Не входя сами по себе в административное устройство или право, в войну или идеологию, повседневная среда и быт образуют их подпочву и подсознание. Нет и не может быть общества вне людей, и нет людей вне быта.
Быт, со своей стороны, неотделим от социально-политических и идеологических процессов потому, что вся семантика повседневных форм жизни, бытовых вещей, материально-пространственной среды, их стиля и моды, основывается, положительно или отрицательно, на общественном опыте. В 1849 г. в России дворянству было запрещено носить бороды, хотя они, казалось бы, не имели никакого отношения к правительственно регулируемой сфере -ник экономике, ни к политике, ни к идеологии. Между тем эта мера обладала совершенно очевидным общественным смыслом. Бороды воспринимались как признак купеческого, но прежде всего крестьянского сословия; распространившаяся манера многих передовых людей носить их, тем более в сочетании с так называемым "простонародным платьем" - зипунами, армяками и т.д., - стала в эти годы выражением патриотизма с сильным демократическим оттенком, и именно этим объяснялось их официальное осуждение, а затем и запрещение. Еще один пример, поясняющий сказанное. На рубеже XVIII и XIX вв. резко изменилась вся система мужской одежды в Европе, прежде всего потому, что изгнанными оказались culottes - короткие, за колено или до середины икры, штаны, уступившие место длинным панталонам. Но импульсы этого процесса пришли из Франции после 1789 г., где culottes, бывшие на протяжении всей эпохи абсолютизма непременной частью мужского туалета у дворян, а под их влиянием, с определенными модификациями, и у третьего сословия, стали восприниматься как признак "старого порядка". Поэтому перестройка системы одежды и началась в революционной Франции, где память о власти аристократов, ненависть к их облику и всему с ними связанному была особенно сильна, и лишь потом распространилась на другие страны.
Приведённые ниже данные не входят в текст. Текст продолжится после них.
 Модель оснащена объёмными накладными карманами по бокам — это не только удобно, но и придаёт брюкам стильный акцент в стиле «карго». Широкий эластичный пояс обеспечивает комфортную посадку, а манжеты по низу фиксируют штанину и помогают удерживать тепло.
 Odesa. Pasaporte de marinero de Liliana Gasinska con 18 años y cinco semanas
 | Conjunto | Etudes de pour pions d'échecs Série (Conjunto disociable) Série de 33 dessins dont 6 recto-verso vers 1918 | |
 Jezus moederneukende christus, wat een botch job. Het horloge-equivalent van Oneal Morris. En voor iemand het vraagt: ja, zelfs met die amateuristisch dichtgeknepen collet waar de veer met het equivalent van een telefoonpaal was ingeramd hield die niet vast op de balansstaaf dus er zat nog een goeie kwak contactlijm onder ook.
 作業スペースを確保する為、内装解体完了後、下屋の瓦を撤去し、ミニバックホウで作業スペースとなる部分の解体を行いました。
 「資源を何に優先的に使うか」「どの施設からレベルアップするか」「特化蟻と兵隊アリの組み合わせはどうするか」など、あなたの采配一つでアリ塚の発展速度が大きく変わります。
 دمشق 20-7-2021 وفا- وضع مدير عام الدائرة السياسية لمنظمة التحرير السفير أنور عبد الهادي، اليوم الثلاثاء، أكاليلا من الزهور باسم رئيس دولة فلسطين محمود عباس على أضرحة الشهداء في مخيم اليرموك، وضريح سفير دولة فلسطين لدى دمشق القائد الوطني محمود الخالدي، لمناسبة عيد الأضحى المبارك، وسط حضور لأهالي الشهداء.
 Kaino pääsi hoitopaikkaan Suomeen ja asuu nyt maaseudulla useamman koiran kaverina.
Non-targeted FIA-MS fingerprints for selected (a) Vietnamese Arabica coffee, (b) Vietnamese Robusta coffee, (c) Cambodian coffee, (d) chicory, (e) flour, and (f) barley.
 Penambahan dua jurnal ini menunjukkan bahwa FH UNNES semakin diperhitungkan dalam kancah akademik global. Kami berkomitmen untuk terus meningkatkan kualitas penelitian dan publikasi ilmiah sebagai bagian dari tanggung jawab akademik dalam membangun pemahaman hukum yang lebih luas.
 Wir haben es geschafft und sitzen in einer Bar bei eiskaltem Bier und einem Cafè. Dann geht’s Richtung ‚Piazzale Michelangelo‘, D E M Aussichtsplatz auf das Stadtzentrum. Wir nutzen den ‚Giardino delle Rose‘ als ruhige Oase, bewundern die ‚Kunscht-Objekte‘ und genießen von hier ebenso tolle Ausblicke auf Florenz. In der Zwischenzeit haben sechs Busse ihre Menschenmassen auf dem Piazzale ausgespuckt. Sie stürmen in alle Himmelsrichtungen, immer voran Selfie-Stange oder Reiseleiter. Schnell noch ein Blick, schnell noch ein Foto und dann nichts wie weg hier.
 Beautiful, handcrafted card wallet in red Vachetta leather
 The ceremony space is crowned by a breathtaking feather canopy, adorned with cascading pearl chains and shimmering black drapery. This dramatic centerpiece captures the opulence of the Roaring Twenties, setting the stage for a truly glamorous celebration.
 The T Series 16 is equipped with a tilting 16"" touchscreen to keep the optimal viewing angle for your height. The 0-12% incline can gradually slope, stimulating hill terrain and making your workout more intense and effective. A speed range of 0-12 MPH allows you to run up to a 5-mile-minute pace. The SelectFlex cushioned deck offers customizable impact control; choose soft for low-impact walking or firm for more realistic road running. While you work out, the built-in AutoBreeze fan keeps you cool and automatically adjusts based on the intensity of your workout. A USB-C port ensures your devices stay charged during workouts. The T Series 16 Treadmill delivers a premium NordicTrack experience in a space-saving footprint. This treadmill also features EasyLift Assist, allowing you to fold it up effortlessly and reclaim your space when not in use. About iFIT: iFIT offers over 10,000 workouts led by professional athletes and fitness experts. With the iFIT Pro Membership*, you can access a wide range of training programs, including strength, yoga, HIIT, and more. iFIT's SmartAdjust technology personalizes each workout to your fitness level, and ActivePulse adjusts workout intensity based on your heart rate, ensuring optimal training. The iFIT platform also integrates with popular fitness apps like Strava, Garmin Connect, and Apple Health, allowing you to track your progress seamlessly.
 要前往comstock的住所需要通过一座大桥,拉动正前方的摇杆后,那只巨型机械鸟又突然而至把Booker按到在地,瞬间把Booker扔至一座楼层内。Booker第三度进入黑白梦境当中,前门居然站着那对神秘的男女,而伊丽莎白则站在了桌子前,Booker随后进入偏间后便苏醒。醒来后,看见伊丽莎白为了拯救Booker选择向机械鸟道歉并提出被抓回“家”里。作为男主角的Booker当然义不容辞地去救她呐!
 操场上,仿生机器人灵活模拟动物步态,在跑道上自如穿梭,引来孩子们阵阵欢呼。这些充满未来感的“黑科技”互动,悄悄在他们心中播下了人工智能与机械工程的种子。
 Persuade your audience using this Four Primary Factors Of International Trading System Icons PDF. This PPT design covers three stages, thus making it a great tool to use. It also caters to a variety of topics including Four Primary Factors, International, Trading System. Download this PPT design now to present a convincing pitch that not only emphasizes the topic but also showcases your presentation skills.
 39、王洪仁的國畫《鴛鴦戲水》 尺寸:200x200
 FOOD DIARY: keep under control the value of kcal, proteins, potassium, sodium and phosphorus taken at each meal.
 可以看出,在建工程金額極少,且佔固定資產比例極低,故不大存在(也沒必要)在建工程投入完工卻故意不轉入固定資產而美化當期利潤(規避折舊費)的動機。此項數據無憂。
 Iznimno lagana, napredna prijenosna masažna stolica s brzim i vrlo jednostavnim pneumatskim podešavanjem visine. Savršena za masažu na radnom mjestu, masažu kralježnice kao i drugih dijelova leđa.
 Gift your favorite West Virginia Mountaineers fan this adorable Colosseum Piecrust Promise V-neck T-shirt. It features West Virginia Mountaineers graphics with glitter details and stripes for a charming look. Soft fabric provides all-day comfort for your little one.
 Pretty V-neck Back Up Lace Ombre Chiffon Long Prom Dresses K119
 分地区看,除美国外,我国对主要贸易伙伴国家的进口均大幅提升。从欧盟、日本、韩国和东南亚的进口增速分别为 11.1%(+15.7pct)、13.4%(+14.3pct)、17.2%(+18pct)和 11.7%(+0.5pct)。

Однако при попытке использовать бытовой материал для характеристики исторического состояния обнаруживается, что между ними существует не только тесная связь, но и глубокое принципиальное различие. Конечная цель историка - раскрыть объективные законы исторического развития, а для этого взглянуть на прошлое извне, отвлечься от живой пестроты его повседневного течения, рассмотреть за ней глубинные процессы и их подвергнуть рациональному анализу. Семантика же бытовых вещей не существует вне этого пестрого течения повседневной жизни, отражает действующие в ней субъективные факторы и раскрывается поэтому только при взгляде изнутри. Если одна семья, въехав в новую квартиру, оформила свой интерьер коврами и полированной мебелью с поблескивающим за стеклами хрусталем, а другая, въехав в соседнюю квартиру, предпочла привезти и сохранить кровать, буфет, диван с валиками и стол с клеенкой, то за этим можно ощутить различие социологического порядка, поддающееся логическому осмыслению, учету и объективному анализу, в конечном счете - общественно значимое. Ведь не случайно изображение обстановки комнат так часто используется в художественной литературе и кинематографии для общественной характеристики персонажей, их занимающих.
При всем том, однако, в этой сфере, и в частности в приведенном примере, действуют факторы, к общественным закономерностям прямо несводимые: вкусовые предпочтения, складывавшиеся исподволь, на протяжении всей жизни под влиянием самых разных, подчас неуловимых и глубоко личных обстоятельств; стремление организовать окружающий микромир именно так, а не иначе, по-своему, тем инстинктивно утверждая ценности свои и своей микросреды; эмоциональное и обычно бессознательное отталкивание от ценностей, представляющихся чужими или даже враждебными. Такие мотивировки можно ощутить изнутри, сопережить, художественно выразить, но вряд ли можно их рационально, извне классифицировать и анализировать - для каждого, кто вышел за пределы их прямого, сложного и неуловимого воздействия, они просто перестают существовать.
Повседневный быт, таким образом, связан с историей общества и может быть использован как источник для ее изучения, и в то же время быт и общественно-историческая закономерность располагаются в разных уровнях общественной действительности и общественного сознания, и один не может быть прямо использован для характеристики другой. Существует настоятельная необходимость найти выход из этого противоречия, вызванная внутренним развитием исторической науки.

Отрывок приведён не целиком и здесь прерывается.